→ **Prompt**: Range to output from the entries below: the line containing "Introducing the Monogram" through the line containing "[NWS¹æ¼Û=Çѽ¸ñ ±âÀÚ]±èÆ÷½Ã´Â ¹Ý·Áµ¿¹°". Set it down exactly, ends included, nothing else.

→ **Data under study**:

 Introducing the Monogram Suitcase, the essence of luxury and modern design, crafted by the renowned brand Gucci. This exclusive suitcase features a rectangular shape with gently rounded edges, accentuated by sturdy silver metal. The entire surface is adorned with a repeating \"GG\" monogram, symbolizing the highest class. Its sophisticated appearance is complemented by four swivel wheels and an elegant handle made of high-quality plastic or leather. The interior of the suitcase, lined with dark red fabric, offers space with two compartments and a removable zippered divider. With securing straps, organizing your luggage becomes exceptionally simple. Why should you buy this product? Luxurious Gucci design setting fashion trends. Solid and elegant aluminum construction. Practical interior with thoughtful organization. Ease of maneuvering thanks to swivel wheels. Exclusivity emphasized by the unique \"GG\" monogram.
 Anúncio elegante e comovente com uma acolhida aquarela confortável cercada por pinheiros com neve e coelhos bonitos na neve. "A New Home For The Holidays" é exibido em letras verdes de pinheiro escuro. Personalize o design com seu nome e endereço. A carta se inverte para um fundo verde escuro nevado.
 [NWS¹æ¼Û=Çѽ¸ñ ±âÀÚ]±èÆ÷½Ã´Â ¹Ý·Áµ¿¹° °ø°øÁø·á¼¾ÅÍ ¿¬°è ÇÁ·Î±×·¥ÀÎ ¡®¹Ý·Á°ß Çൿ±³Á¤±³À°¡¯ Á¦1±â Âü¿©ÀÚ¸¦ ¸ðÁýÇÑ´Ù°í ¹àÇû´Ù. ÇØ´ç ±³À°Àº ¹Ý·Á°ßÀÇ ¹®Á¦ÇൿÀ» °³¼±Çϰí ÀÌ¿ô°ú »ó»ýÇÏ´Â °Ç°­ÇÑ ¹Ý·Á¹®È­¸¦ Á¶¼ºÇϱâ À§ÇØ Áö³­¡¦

...

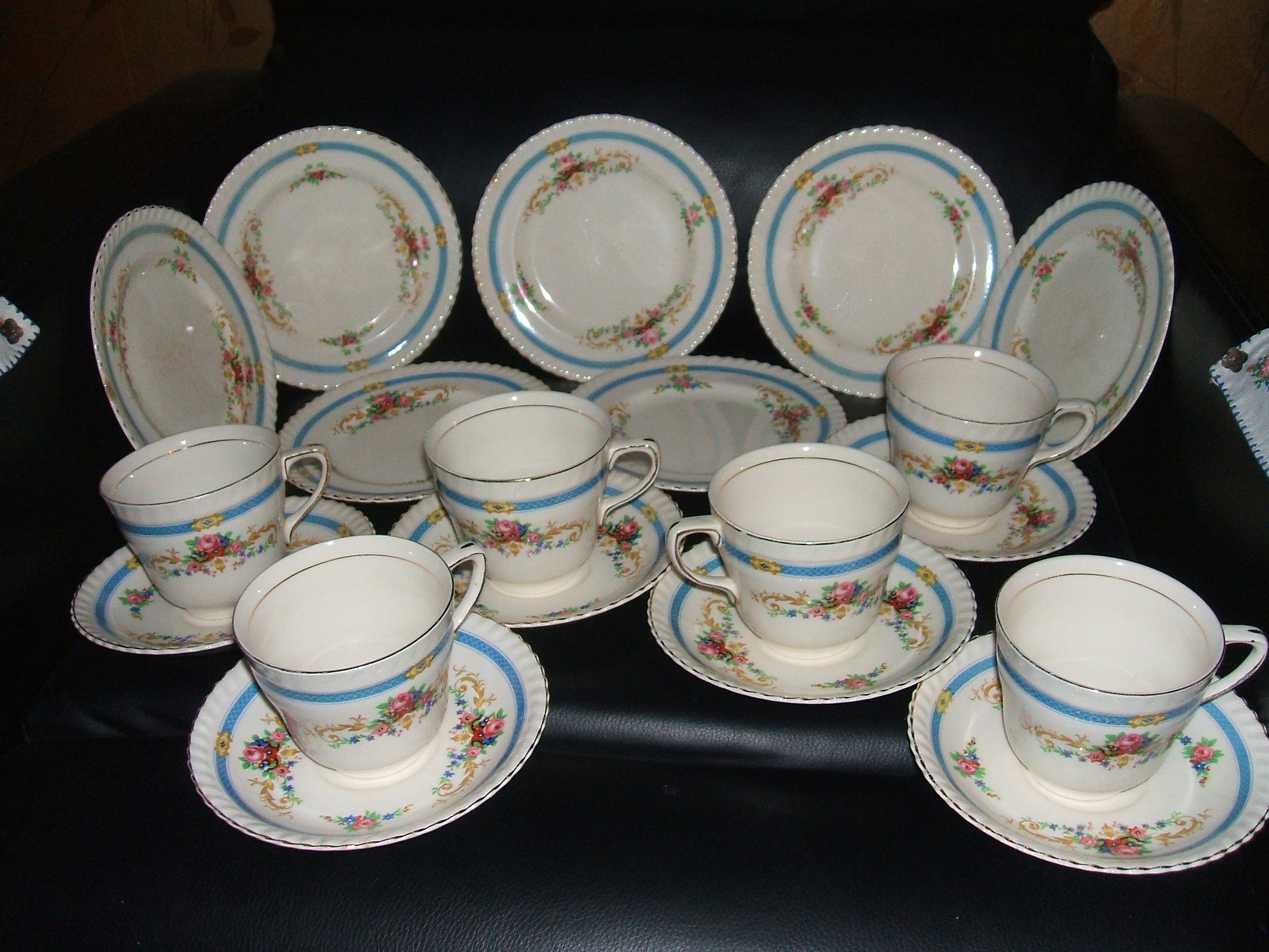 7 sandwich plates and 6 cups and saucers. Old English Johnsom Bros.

==

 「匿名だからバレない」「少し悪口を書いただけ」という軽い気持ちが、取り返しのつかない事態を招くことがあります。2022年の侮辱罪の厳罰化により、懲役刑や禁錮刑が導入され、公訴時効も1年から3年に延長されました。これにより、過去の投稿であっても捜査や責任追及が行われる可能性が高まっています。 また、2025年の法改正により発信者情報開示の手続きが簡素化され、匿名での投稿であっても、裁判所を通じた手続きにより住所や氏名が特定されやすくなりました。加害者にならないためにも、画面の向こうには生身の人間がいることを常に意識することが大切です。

→ **Solution for this exercise**:
 Introducing the Monogram Suitcase, the essence of luxury and modern design, crafted by the renowned brand Gucci. This exclusive suitcase features a rectangular shape with gently rounded edges, accentuated by sturdy silver metal. The entire surface is adorned with a repeating \"GG\" monogram, symbolizing the highest class. Its sophisticated appearance is complemented by four swivel wheels and an elegant handle made of high-quality plastic or leather. The interior of the suitcase, lined with dark red fabric, offers space with two compartments and a removable zippered divider. With securing straps, organizing your luggage becomes exceptionally simple. Why should you buy this product? Luxurious Gucci design setting fashion trends. Solid and elegant aluminum construction. Practical interior with thoughtful organization. Ease of maneuvering thanks to swivel wheels. Exclusivity emphasized by the unique \"GG\" monogram.
 Anúncio elegante e comovente com uma acolhida aquarela confortável cercada por pinheiros com neve e coelhos bonitos na neve. "A New Home For The Holidays" é exibido em letras verdes de pinheiro escuro. Personalize o design com seu nome e endereço. A carta se inverte para um fundo verde escuro nevado.
 [NWS¹æ¼Û=Çѽ¸ñ ±âÀÚ]±èÆ÷½Ã´Â ¹Ý·Áµ¿¹° °ø°øÁø·á¼¾ÅÍ ¿¬°è ÇÁ·Î±×·¥ÀÎ ¡®¹Ý·Á°ß Çൿ±³Á¤±³À°¡¯ Á¦1±â Âü¿©ÀÚ¸¦ ¸ðÁýÇÑ´Ù°í ¹àÇû´Ù. ÇØ´ç ±³À°Àº ¹Ý·Á°ßÀÇ ¹®Á¦ÇൿÀ» °³¼±Çϰí ÀÌ¿ô°ú »ó»ýÇÏ´Â °Ç°­ÇÑ ¹Ý·Á¹®È­¸¦ Á¶¼ºÇϱâ À§ÇØ Áö³­¡¦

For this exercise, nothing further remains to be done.